James Frey infamously did it with “A Million Little Pieces,” and now bestselling “Three Cups of Tea” author Greg Mortenson is being accused of it too: memoir fraud.

The New York Times-bestselling novel, which earned millions, is coming under fire for multiple alleged inaccuracies and discrepancies concerning timelines and events.

It is bad enough that Mortenson could have potentially exaggerated about events and then published them as reality — that is an act definitely offensive to many. As a consumer of media, I’m offended; as a reader, I’m offended; as a writer, I’m offended; as the journalist who interviewed Mortenson for his event on TCU’s campus three months ago — I’m aggressively pissed off.

The seemingly gentle man smiled, shook my hand, spoke to me with respect and with passion for his cause. He gave a few canned, corny, Gandhi-esque quotes concerning humanity and education, but he also spoke with what sounded like genuine care and concern for the people he encountered, the children he helped, and the boy who was tragically killed by a landmine.

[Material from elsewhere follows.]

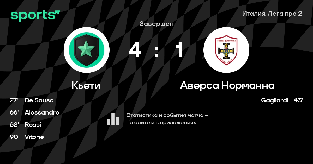 Feola - Gandelli, Ди Филиппо, Bigoni, Pepe - Верна, Rinaldi, Vitone, Дель Пинто - De Sousa, AlessandroЗапасные: Каппа, Джильи, Rossi, Di Properzio, Cardinali, La Selva, Capogna

This same man claims that after famously failing to reach the summit of K2, he staggered into a village, delirious and dehydrated, was nursed back to good condition and then vowed to return one day and build a school. Mortenson now says this happening was a “compressed version of events that took place in the fall of 1993,” according to a Yahoo! News article published Monday. And the suspenseful, uber-dangerous part where Mortenson was kidnapped and held hostage by the Taliban for eight days? False, according to “60 Minutes” correspondent Steve Kroft, who put Mortenson’s tale through the wringer and spurred the now-nationwide skepticism surrounding the memoir.

“It’s a beautiful story, and it’s a lie,” author Jon Krakauer, former financial supporter and friend of Mortenson’s, said in the same Yahoo! News story and to “60 Minutes.” Krakauer offered compelling evidence that Mortenson was never separated from his other mountain climbers or lost during his descent. He goes on to claim the village of Korphe, where Mortenson has supposedly spent so much time, money and has expressed great gratitude for, was not even known to him until a year afterward. The men he identified as his Taliban kidnappers? His tour guides, Krakauer said.

Kroft went to report that half a dozen board and staff members have left Mortenson’s nonprofit in recent years due to disagreements with how the money was being budgeted. The same Yahoo! News story claims the charity has only filed one public IRS return in its 14-year existence and reported spending $1.7 million on Mortenson’s book tour and promotion travels on items including private jets. Krakauer said he was told by a staffer that “Greg uses Central Asia Institute as his private ATM machine — that there’s no accounting. He has no receipts.”

The rabbit hole goes deeper and deeper concerning Mortenson’s schools, specifically how many of them are actually occupied and used as places of education and how many are actually even in existence. Yes, Mortenson has brought awareness to a worthy cause and built schools in remote villages for needy children, but if half of that funding is going into his pocket and half of those schools are not even occupied, how much good is he doing? Did he even actually drink any tea, or were those cups filled with crap, too?

Andrea Bolt is a senior news-editorial journalism major from The Woodlands.